NWChemEx Ecosystem
In this section we spec out the use cases for NWChemEx and how it fits into the broader computational chemistry ecosystem.
NWChemEx Use Cases
Generally speaking we see NWChemEx being used for:
electronic structure calculations on the largest supercomputers in the world
day-to-day electronic structure calculations
as part of high-throughput workflows
as a research platform for developing new theories
At this stage of design we are not concerned with capabilities (e.g. single-point energies, thermodynamic analysis, molecular dynamics) those will be handled at a lower level of design. Rather we’re interested in what sort of design requirements need to be built into the highest level APIs. From these use cases we can establish the following concerns:
performance (needed to make running on supercomputers worthwhile)
high-quality linear algebra (electronic structure involves lots of linear algebra)

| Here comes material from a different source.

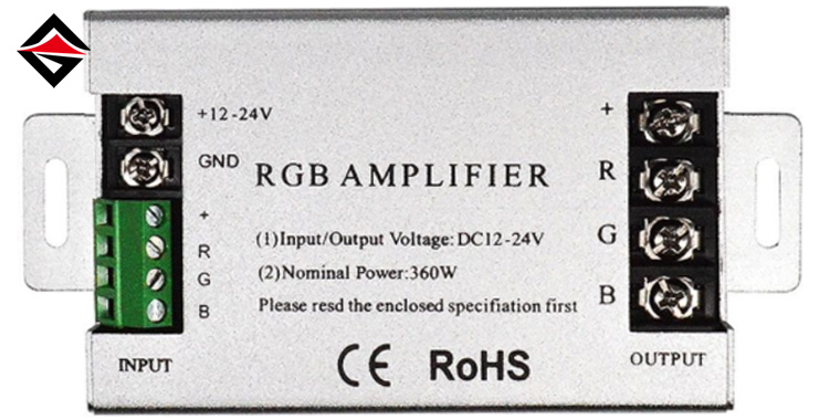 Жоғары қуатты жарықдиодты жолақтар үшін, күшейткіш төмен вольтты сигналды жолақты басқару үшін жеткілікті қуатқа арттыра алады.

ease of use (too high of a barrier will inhibit use cases where there are other choices)
library instead of program mentality (we shouldn’t assume we are driving the workflow)
extensibility (adding new theories should be easy)
varying levels of programming expertise (research is done by undergraduates, graduates, post docs, scientists/professors from a multitude of backgrounds)
These concerns are not orthogonal (for example ease of use and varying levels of programming expertise are related).
Overall Software Ecosystem
The following figure serves as a brief introduction to how NWChemEx addresses the aforementioned concerns as an organization, how the key pieces of the NWChemEx design fit together, and how the NWChemEx organization fits into the broader software ecosystem.
As a disclaimer, this figure is very coarse. A lot of the stack’s complexity is swept up into each of the boxes (particularly the “Internal Module Collections” box, which includes pretty much every electronic structure method that NWChemEx supports).
Performance key points:
Internal components of NWChemEx written in C++ to take advantage of the growing HPC support for C++ and to provide developers a performance focused coding language.
Performance is treated as a fundamental concern entering into the stack as part of the low level ParallelZone component.
ParallelZone acts as a sort of domain-specific language (DSL) for the rest of the NWChemEx stack, abstracting away much of the implementation details
Much of the actual scheduling, data movement, etc. is handled by the externally maintained MADNESS runtime and the libraries underlying it.
Linear algebra key points:
Linear algebra is the among the second lowest components of the stack, entering via Chemist.
Like ParallelZone, Chemist provides abstractions which allow the rest of the stack to express its linear algebra needs in a sort of DSL without worrying about the underlying details.
Efficient and performant linear algebra and tensor-related operations are provided by TiledArray.
Ease of use key points:
The tiered stack makes it easier to hide details.
The focus on DSLs at each layer lowers the barrier to entry as code looks more like what its modeling and less abstract.
Component mentality key points:
User facing APIs are written in Python to take advantage of its popularity in scientific software (particularly in workflows)
PluginPlay provides NWChemEx’s abstractions for interacting with software components.
The bulk of NWChemEx’s capabilities are provided by its internal module collection, which PluginPlay can run.
Other chemistry codes can link to any of our internal module collections and use any module in that collection.
Extensibility key points:
Developers outside the organization can write modules, which can then be immediately used with the NWChemEx software stack via PluginPlay.
Adding modules does not require modifying NWChemEx
Varying programmer expertise key points:
The focus on abstraction allows each layer to hide many of the technical details of the layer below it. These details are not lost, they are rolled up into opaque objects which get unrolled as they traverse the stack.
By time someone considers a layer like SimDE they are typically using objects like wavefunctions, molecules, and orbitals to express their computation rather than tensor ops or MPI calls.